Term Paper on Birth Order and Personality Alfred Adler (1870-1937), Assignment

Most researchers say that being first-born makes one more responsible. In the 20/20 program Jonathan is taped intervening in his younger siblings' fight and drags his sister to the kitchen, to tell his mother to discipline her. Jonathan agrees he's responsible. He says it's his job to help parent his younger siblings. "You have to watch over them when the parents are gone," he said (Stossel, 2007). Some paradigms and perspectives are outlined below in the examination of past research and their resulting theories.

Sulloway's Theories look at the literature on the subject of birth order turns up two or three theories on the subject. One of them is by Frank Sulloway, author of Born to Rebel. His 1997 book provides a detailed statistical analysis of thousands of individuals' responses to 28 scientific innovations, such as Darwinism, Copernican revolution, Einstein's theory of relativity, and others. Sulloway finds most of these have been initiated and championed by later-borns, and that first-borns tend to reject new ideas. Sulloway claims later-borns often can't do what their older siblings do, so they tend to rebel and trying to find other ways to get attention, even dangerous ways. "Younger siblings are more inclined to try these experimental, sometimes dangerous things," said Sulloway (Sulloway, 1997, p. 55).

Younger brothers tend to be rebellious and to lead rebellions. Sulloway points out leaders of revolutions, such as Thomas Jefferson, Karl Marx and Fidel Castro were rebellious younger brothers. Older brothers tend to be more conservative, such as former Presidents Carter and Clinton. These two presidents' younger brothers, Billy Carter and Roger Clinton, tried more daring, but less lofty pursuits. Billy had a beer-making business, and Roger tried a singing career, both far cries from trying to become president. Younger siblings "tend to pick interests that are diametrically opposite to those of their older siblings. They're the risk takers, the adventurers, the people who are constantly trying to find something new and different to do," says Sulloway. Sulloway also says later-borns rebel by choosing different professions from their older siblings. Later-borns rebel because they're controlled by the first-born. "Typical first-born strategy is to use the advantages of age, size and power to dominate a younger sibling" (Sulloway, 1997, p. 608).

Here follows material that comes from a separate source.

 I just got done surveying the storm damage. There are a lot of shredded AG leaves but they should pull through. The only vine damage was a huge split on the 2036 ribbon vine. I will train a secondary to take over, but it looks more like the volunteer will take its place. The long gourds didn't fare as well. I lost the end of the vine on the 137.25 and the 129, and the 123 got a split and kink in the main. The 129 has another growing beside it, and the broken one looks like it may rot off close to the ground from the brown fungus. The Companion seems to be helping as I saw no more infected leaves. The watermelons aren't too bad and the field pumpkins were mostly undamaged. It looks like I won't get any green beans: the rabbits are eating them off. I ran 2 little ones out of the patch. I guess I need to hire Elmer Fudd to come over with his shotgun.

Conley's and Others'Theories

But Dalton Conley, author of the Pecking Order, another book on the effects of birth order, says, "birth order makes about as much sense as astrology, which is almost none.." The Pecking Order talks about how many other factors affect the behavior of first-borns and last-borns much more strongly than birth order. Conley responds to Sulloway's data with the claim that it is quite selective, relying on cases that support his claims and ignoring those that don't. "Early death of a parent, timing of economic shocks to the family, gender expectations and roles in the family, you name it," it claims, "outside influences, random events -- birth order is basically at the bottom of that list" (Conley, p. 5) .

In his book Born to Rebel, Frank Sulloway suggests that birth order effects on the Big Five aspects of personality (Openness, Conscientiousness, Extroversion, Agreeableness, and Neuroticism) are strong and consistent. He argues that firstborns to be more conscientious, more socially dominant, less agreeable, and less open to new ideas compared to laterborns. However, critics such as Fred Townsend, Toni Falbo, and Judith Rich Harris, claim to have refuted Sulloway's theories (John, p. 66).

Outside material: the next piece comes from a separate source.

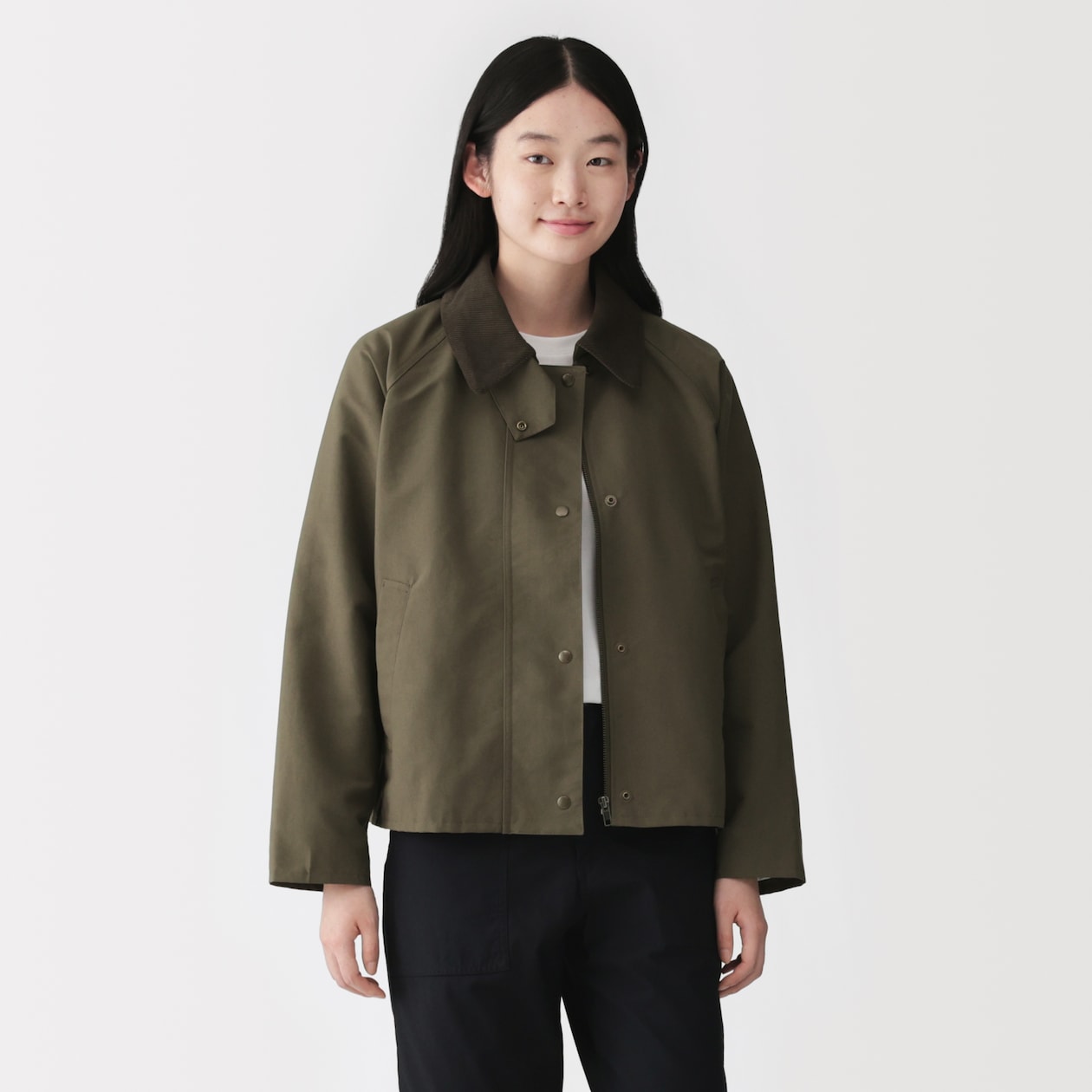 撥水・防風加工の表地を使いました。あたたかいコーデュロイ衿が特長です。

In their book Sibling Relationships: Their Nature and Significance across the Lifespan Michael E. Lamb, Brian Sutton-Smith, Lawrence Erlbaum Associates make the point that sibling relationships often last an entire lifetime. They point out that the lifespan view proposes that development is continuous, with individuals continually adjusting to the competing demands of socialization agents and endogenous tendencies (Lamb, 1982).

Adler's Evolutionary Theory of Birth Order states that competition between species, within species and within genders for status, power, resources and mates are what evolution depends on. "There is competition also within the species between the genders for less relative investment in their offspring. Within the species there is competition between parents and children for resources. Within species and between siblings there is competition for power and resources" (Stossel, p. 3).

While siblings compete for emotional, physical and intellectual resources from the parents, certain "niches" in the family are available. Depending on sibling position, they try different patterns of adaptation and different personalities to fit into these niches. The adult personality is determined by how the child adapts to the niche in the family and is also a strong determinant of their thought and behavior out in the world. (Stossel, p. 3).

Dattner and Theories about the First-born

Ben Dattner is a business consultant and professor at New York University. Dattner believes there is a greater probability that first born children will support the status quo relative to later born siblings, and tend to be more extroverted, confident and assertive,. Negatively, they tend to be conformist, politically conservative, authoritarian, dominant and inflexible. First-born tend to be task-oriented, conscientious and disciplined. However, they are concerned about and fearful of losing position and rank and defensive about their errors and mistakes (Dattnet, p. 3)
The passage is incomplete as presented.